Dujardin-Beaumetz stated that a vegetarian diet may help patients with certain gastric diseases. However, Dujardin-Beaumetz was not a vegetarian and he defended the consumption of meat as part of an omnivorous diet. Despite this, Dujardin-Beaumetz was regularly cited by vegetarians to lend scientific credibility to their arguments.

== Published works ==
Several of his works (lessons on clinical therapy) have been translated into English, such as:
- "Clinical therapeutics; lectures in practical medicine delivered in the Hospital St. Antoine, Paris, France" (1885); Translation of Traitement des maladies du système nerveux, traitement des fièvres et des maladies générales, volume 3 of the author's Leçons clinique thérapeutique (translated by E.P. Hurd).
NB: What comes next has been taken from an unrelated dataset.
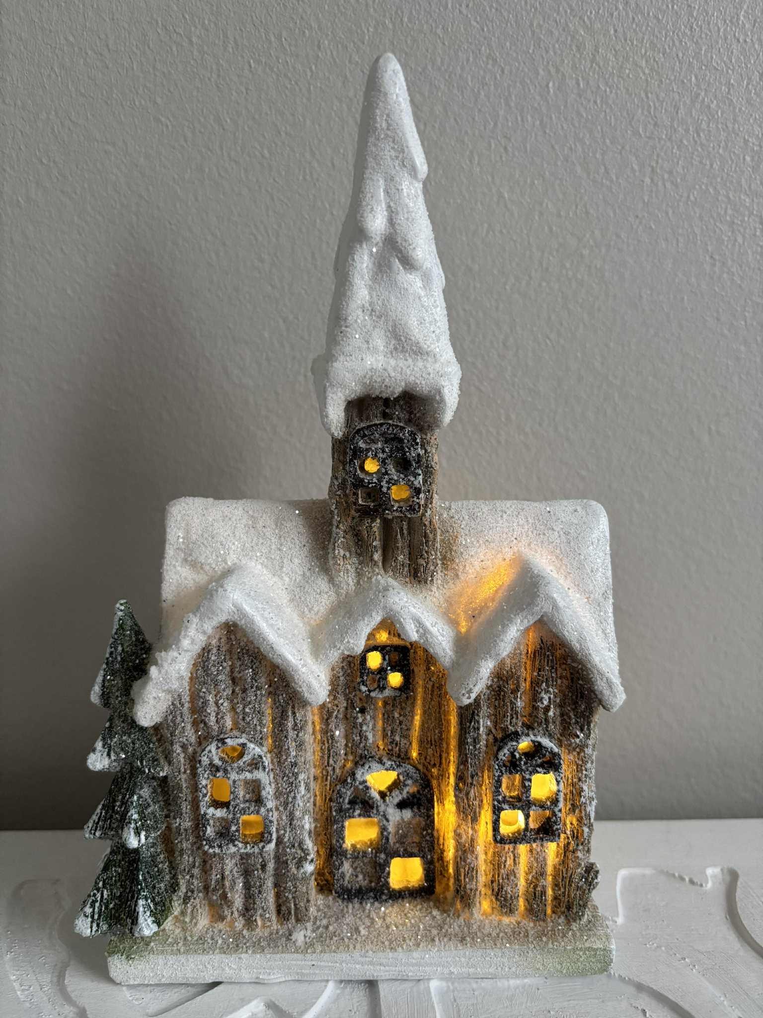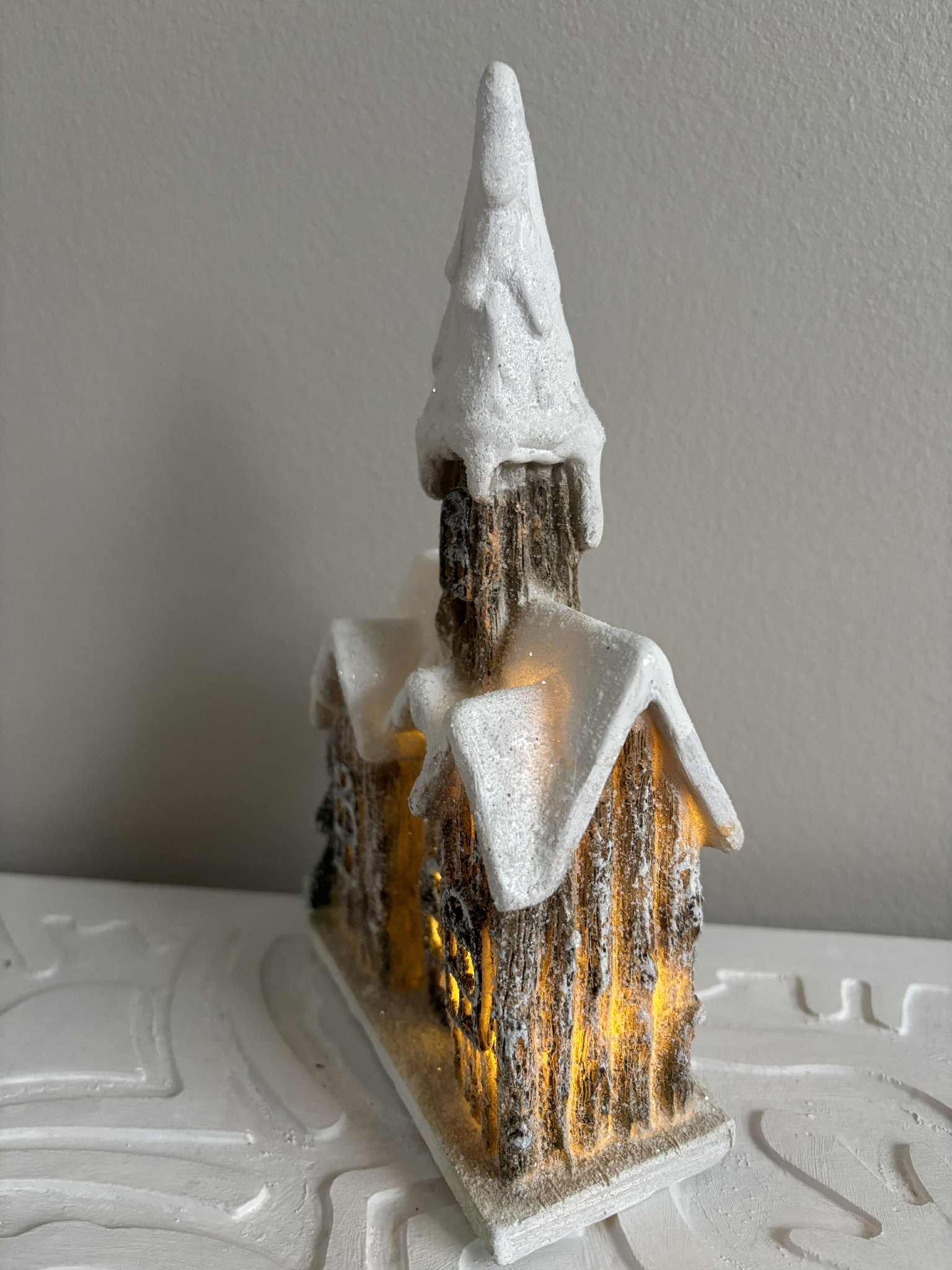 Lítið hús úr keramik með ljósi snjó og glimmer

- "Diseases of the stomach and intestines; a manual of clinical therapeutics for the student and practitioner" (1886); Translation of a portion of volume 1, Traitement des maladies du coeur et de l'aorte, de l'estomac et de l'intestin of Leçons de clinique thérapeutique (translated from the 4th French edition by E.P. Hurd).
- "The modern treatment of diseases of the heart : a manual of clinical therapeutics" (1887); Translation of Leçons de clinique thérapeutique, volume 1 (translated from the fourth French edition by E.P. Hurd).
- "The modern treatment of diseases of the liver" (1888); translated from the 5th French edition by E.P. Hurd.
- "The modern treatment of diseases of the kidney" (1888); translated from the 5th French edition by E.P. Hurd.
- Published works by Dujardin-Beaumetz with French titles
- De la myélite aiguë, 1872.
- Leçons de clinique thérapeutique, 1878.
- Les nouvelles médications, 1886.
- L'hygiène alimentaire, 1887.
- Formulaire pratique de thérapeutique et de pharmacologie (with P. Yvon, second edition 1888).
- L'hygiène thérapeutique; gymnastique, massage, hydrothérapie, aérothérapie, climatothérapie, 1888.
- L'hygiène prophylactique; microbes, ptomaines, désinfection, isolement, vaccinations et législation, 1889.
- Dictionnaire de thérapeutique, de matière médicale, de pharmacologie, de toxicologie et des eaux minérales, (main author. 4 volumes, 1883-1889).